Donovanosis
·
Granuloma
inguinale (GI) is a rare, chronic, progressive ulcerative disease that mainly
affects the genital and perigenital skin.
·
GI
is primarily contracted through sexual transmission.
·
GI
is caused by infection with Klebsiella granulomatis, a
gram-negative bacterium.
·
It
affects mostly people of lower socioeconomic status living in tropical or
subtropical areas.
·
Diagnosis
confirmed by demonstrating intracellular Donovan bodies on histology.
Definition
Granuloma inguinale is a chronic,
superficial, ulcerating disease of the genital, inguinal, and perianal areas.
Granuloma inguinale is mildly contagious.

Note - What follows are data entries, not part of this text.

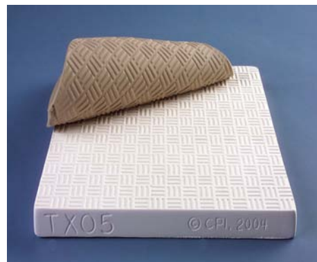
TX 05 - Geo Grid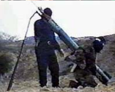
Posizione Hezbollah di missili Kassam

La mozione si conclude con l'auspicio di un accordo di pace e di civile convivenza che veda destituite di ogni possibilità di azione le organizzazioni terroristiche che operano in Libano e a Gaza.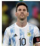
Lionel Messi argentino Futbolista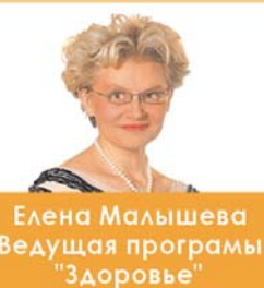
Елена Малышева Ведущая программы "Здоровье"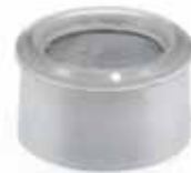
Distansring För tvättställ, utan bräddavlopp. Förkromad ABS. Art nr 8573606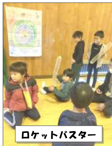
ロケットバスター

The causative bacterial organism is Calymmatobacterium granulomatis. It
is a cause of genital ulcer disease, may be followed by genital disfigurement,
and has the potential for malignant change.
Epidemiology
Incidence
and prevalence
The
disease was initially described in India as ulcerations followed by
elephantiasis of the genitalia. The microorganism was first identified in 1905
by Donovan, who noted the characteristic Donovan bodies in macrophages and
epithelial cells of the stratum malpighii.
Age
The
condition usually affects sexually active adults between the ages of 20 and 40
years.
Associated
diseases
Granuloma
inguinale may occur with other STIs and has been identified as a risk factor
for the acquisition and transmission of HIV.
Pathogenesis
Donovanosis is causes by Klebsiella granulomatis
(previously known as Calymmatobacterium granulomatis), an intracellular
Gram-negative coccobacillus that stains well with Giemsa, Wright's, or silver
stains but is periodic acid-Schiff-negative. The mature form is encapsulated,
while the immature form is not. The immature nonencapsulated form may assume a
closed-safety-pin appearance due to bipolar chromatin densities. K.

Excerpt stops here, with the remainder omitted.